Quite right, maybe even not reporting all sites 



cyberknight said:


> Do you run the no script add on for firefox ?


 
Yes, I do.


----------



## xxmimixx (4 Mar 2012)

I got that add on too but am getting confused, how do I kill the unwanted connections??


----------



## Manonabike (4 Mar 2012)

xxmimixx said:


> I got that add on too but am getting confused, how do I kill the unwanted connections??


 
They are sites that are tracking you. When you load Cyclechat.net, the site alerts all the other sites that you are visiting Cyclechat.... that is the method they used to tracking your internet browsing. That is the annoying part for me, I did not expect Cyclechat to be sending information about my visit to facebook.com, twitter.com, wordpress.com, google.com, viglink.com and photobucket.com


----------



## Fat B'stard (4 Mar 2012)

So the question I have is can it be stopped and will using IE make a difference


----------



## Scoosh (4 Mar 2012)

Thread moved here for Admin's comments ...


----------



## ultraviolet (5 Mar 2012)

in the firefox settings theres a button for only excepting cookies from sites you visit and not third person sites/tracking cookies, this might help.

or just unistall the add-on maybe


----------



## Manonabike (5 Mar 2012)

ultraviolet said:


> in the firefox settings theres a button for only excepting cookies from sites you visit and not third person sites/tracking cookies, this might help.
> 
> or just unistall the add-on maybe


----------



## Shaun (5 Mar 2012)

CycleChat isn't "informing" on you at all - like most modern web sites we "connect" with other web sites and services and therefore download information from them or make doorways for members to use their services.

Facebook and Twitter are there because we have buttons for you to Tweet and Like/Recommend threads and posts on CycleChat - so the URL for correctly doing that is embedded with the CC pages.
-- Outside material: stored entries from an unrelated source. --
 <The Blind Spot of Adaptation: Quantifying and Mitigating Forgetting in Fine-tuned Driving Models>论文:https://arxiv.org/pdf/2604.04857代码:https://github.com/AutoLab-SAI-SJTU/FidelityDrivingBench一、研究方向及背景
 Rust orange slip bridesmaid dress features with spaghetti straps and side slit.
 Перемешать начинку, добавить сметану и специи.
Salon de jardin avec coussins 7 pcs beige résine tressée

We're not "giving" them information about your visit we are simply pre-loading the connection in case you want to use it. Nothing is passed to them if you don't use it, and only your IP address is when you do.
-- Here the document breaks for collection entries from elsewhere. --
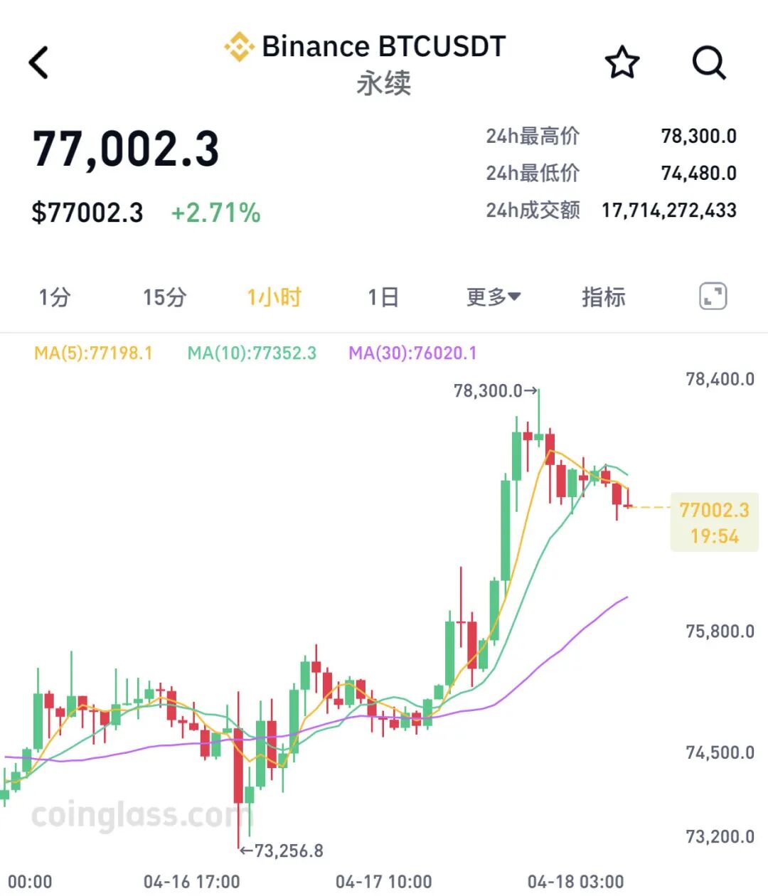 4月18日,虚拟货币市场普涨,截至发稿,比特币涨近3%,报77002.3美元/枚。
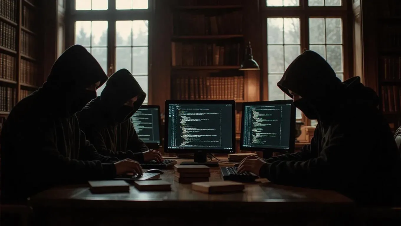 A group of hackers in a dimly lit library surrounded by books and old monitors, uploading a virus as dusty windows reflect code across their faces. Mysterious cyber-thriller vibe with soft lighting and nostalgic focus.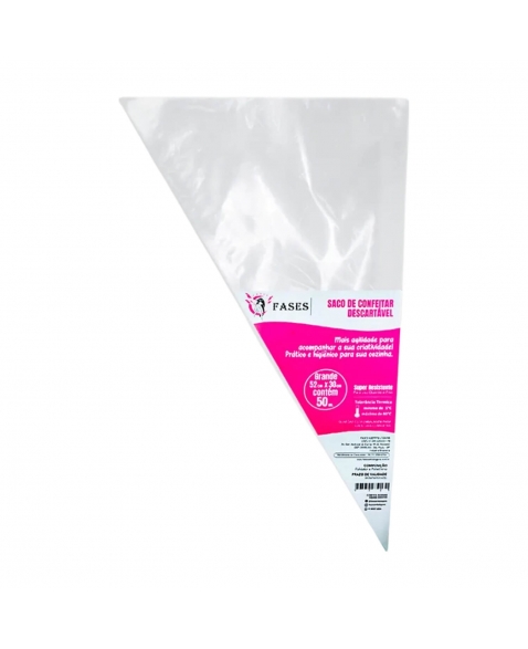 O Saco para Confeitar Descartável Grande 30x52cm é um utensílio essencial para confeiteiros, permitindo decorar e rechear bolos, cupcakes e outros doces com precisão e higiene. Fabricado em plástico resistente, suporta preparações quentes e frias, garantindo versatilidade no uso. Para utilizá-lo, dobre a borda superior do saco para fora, formando uma aba de aproximadamente 4 cm. Com o auxílio de uma espátula, coloque a cobertura ou recheio desejado dentro do saco, evitando encher completamente para facilitar o manuseio. Corte a ponta do saco no tamanho adequado ou insira um bico de confeitar conforme a necessidade. Segure o saco firmemente pela parte superior e aplique pressão constante para liberar o conteúdo de maneira uniforme. Este saco de confeitar é amplamente utilizado em confeitarias e cozinhas profissionais, proporcionando praticidade e eficiência na decoração de doces e sobremesas. É importante lembrar que este produto é descartável; não reutilize para evitar contaminações e garantir a higiene. Além disso, evite encher o saco em excesso, pois isso pode dificultar o manuseio e comprometer a precisão na decoração. Certifique-se de cortar a ponta do saco no tamanho adequado ao bico de confeitar escolhido, garantindo a fixação correta e evitando vazamentos.

Wordpress has been installed for me to experiment with transferring the blog data. It connects back to the main Wordpress domain to check for updates etc. but the only cookie data it sets is local to CC (_to save your login username_) so again - nothing about you is passed back to Wordpress.

Google and Viglink are advertiser partners that I use to help fund CC. Both use tracking cookies in the same way they do for any other site you visit. This is a simple text file that is downloaded to your browser cache and is used to track your actions in relation to any adverts you click on (_and to combat click-fraud_). The ONLY thing they get from your visit here is your IP address (_which is freely available to any site you visit anyway_). There is no other connection, no access to our user database, no emails, names, contact information or anything at all that can identify you.
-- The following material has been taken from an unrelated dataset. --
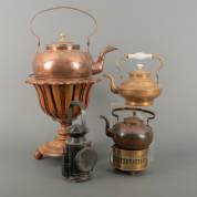 Mahonie theestoof met messing binnenbak, koperen appelketel, twee koperen ketels, blikken lantaarn en messing theelicht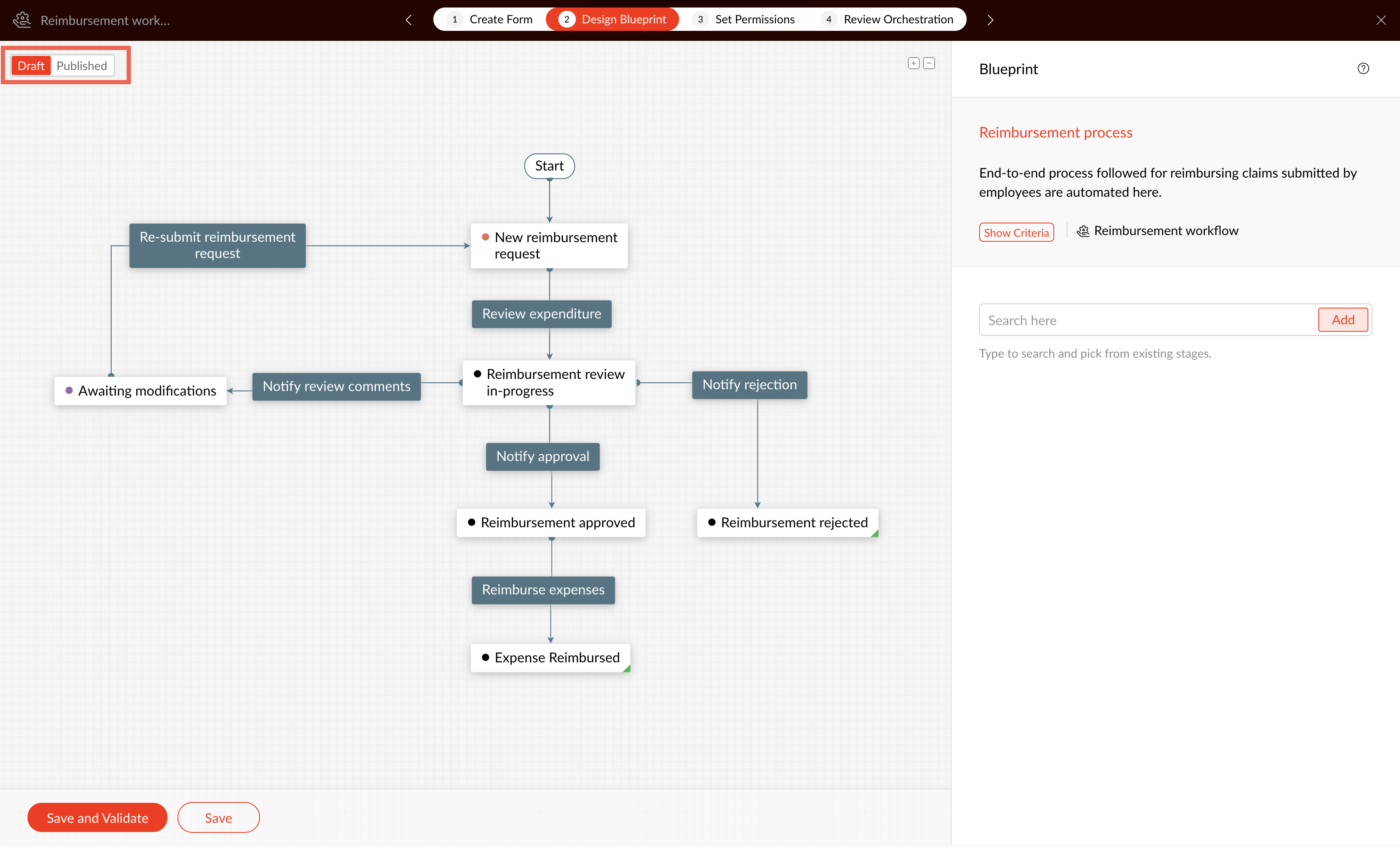 If a Blueprint is not published, it can be saved as a draft . Drafts will be available for you to experiment with, without affecting any existing records. You can toggle between the Draft and Published versions in the Blueprint Editor.

*NONE OF YOUR PERSONAL OR CC ACCOUNT DATA IS EVER PASSED TO **ANY** THIRD PARTY WHATSOEVER* - and this will ALWAYS be the case.

Just thought I'd make that perfectly clear.

Cheers,
Shaun


----------



## Manonabike (9 Mar 2012)

I never thought you were passing on personal or CC account details.

Passing on the IP address is enough for site such as google or other sites to track a person's browsing. If you pass my IP address to them and then I go to the BBC, Chain Reaction, etc and they do the same then google can create a profile of my Internet browsing which they can use to sell advertising, etc..... huge profits are made with IP tracking.... That is the only problem that I have with it. Lots of websites pass on this information so it's hard to prevent this practice. However, it's rather disappointing that CC does it too, I'd like to think we are a friendly community looking out for each other - I guess that is not really the case.

It was on the news this week that Twitter has sold every single tweet ever written.....


----------



## benb (9 Mar 2012)

Manonabike said:


> I never thought you were passing on personal or CC account details.
> 
> Passing on the IP address is enough for site such as google or other sites to track a person's browsing. If you pass my IP address to them and then I go to the BBC, Chain Reaction, etc and they do the same then google can create a profile of my Internet browsing which they can use to sell advertising, etc..... huge profits are made with IP tracking.... That is the only problem that I have with it. Lots of websites pass on this information so it's hard to prevent this practice. However, it's rather disappointing that CC does it too, I'd like to think we are a friendly community looking out for each other - I guess that is not really the case.
> 
> It was on the news this week that Twitter has sold every single tweet ever written.....


 
Did you even read Shaun's post? Nothing is passed to any site, unless you click the Twitter or Facebook buttons.


----------



## TheDoctor (9 Mar 2012)

@Manonabike,

You clearly have an agenda here. Shaun has given you a clear reply, which you seem to be ignoring in favour of criticizing the actions you imagine he is taking. If you distrust CC and Shaun so much, then you can presumably stop any possible abuse by simply not visiting CC.


----------



## Manonabike (9 Mar 2012)

Somebody is trying to earn some brownie points here 

If Shaun feels I have a problem then please PM me.


----------



## Paul J (9 Mar 2012)

If the site didn't earn even a little from Google etc then the site may not exist and or be free for most of us. I don't have a problem with this as costs soon mount up and bills need paying. This is a small sacrifice to pay for such an excellent forum and if I could afford to upgrade my membership I would, but being unemployed and living off my savings my family comes first.


----------



## Shaun (9 Mar 2012)

You're free to chose what sites/services you visit and in the case of Google Ads on CC they are only shown to guests. If you login when you visit CC (_and tick the little box to stay logged in_) then the ad-tracking code isn't loaded.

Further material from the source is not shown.